Киссур взял рисунок с недоверчивой усмешкой, впрочем, не находя в рассказе Арфарры ничего необычного. Разве Даттам не летал на железном помосте к государевой дочке? А коль скоро железные помосты летают, то и падать они тоже должны.
— Соотечественник ваш, — продолжал Арфарра, — описал ее так: «У нее все нутро выстлано оружием».
Киссур насторожил уши.
— Это ведь был алом и воин. Для него любой кусок металл, если это не плуг и не монета, мог быть только оружием. С величайшим трудом его спутники отодрали несколько кусков обшивки и сделали себе несколько ножей и топориков. Один из них я подарил тебе неделю назад.

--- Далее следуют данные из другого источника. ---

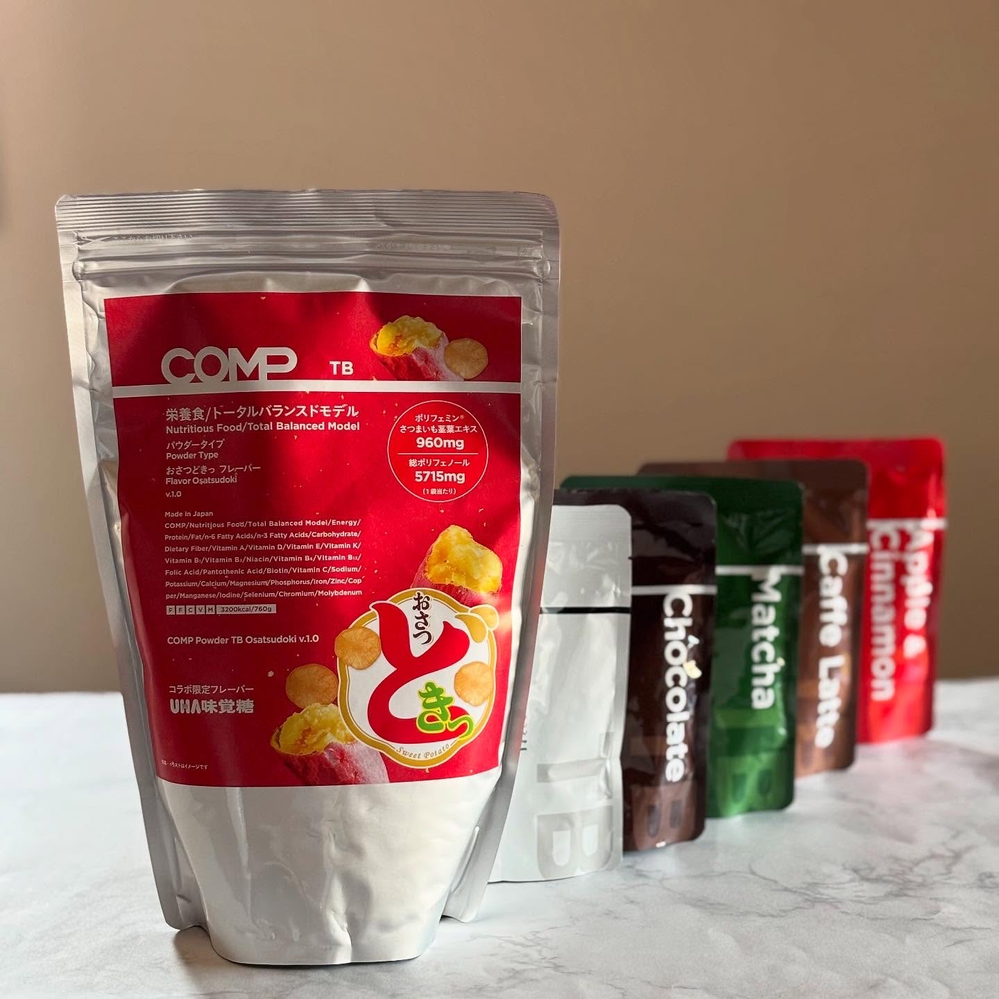 - 完全食*をコンセプトとして、厚生労働省「日本人の食事摂取基準(2020年版)」を参考に、三大栄養素「Protein(たんぱく質)」「Fat(脂質)」「Carbohydrate(炭水化物)」とビタミン・ミネラルをバランスよく含んだCOMPのトータルバランスドモデル(TB)パウダータイプ。 「さつまいものおいしさ、そのまま」でお馴染み、UHA味覚糖が誇る『おさつどきっ』とのコラボレーションが実現しました。『COMP』独自の栄養設計・品質に加え、『おさつどきっ』の美味しさをプラス。 三大栄養素(たんぱく質・脂質・炭水化物)・ビタミン・ミネラルなどの栄養素をトータルでバランスで良く摂取できるだけでなく、1袋(760g)あたり総ポリフェノール含有量 5,715mg、「ポリフェミン®さつまいも茎葉エキス」(ネオクロロゲン酸類を含むさつまいもならではのポリフェノール)を960mgもあわせて摂取できることが特徴です。

Киссур кивнул и вытащил из ножен небольшой охотничий нож с рукоятью из переплетенных пастей и лап. Это был роскошный подарок, с которым Киссур не расставался, и Сушеному Финику он так понравился, что Сушеный Финик написал песню, воспевающую красоту его рукояти. Но что рукоять! Вчера Киссур дрался на спор с Шадамуром Росянкой, и дело кончилось тем, что вот этим вот ножом Киссур перерубил кончик Шадамуровой секиры. Шадамур Росянка очень обиделся, потому что его секира была не из тех, которые можно перерубить ножом, хотя бы и заколдованным по приказу Арфарры.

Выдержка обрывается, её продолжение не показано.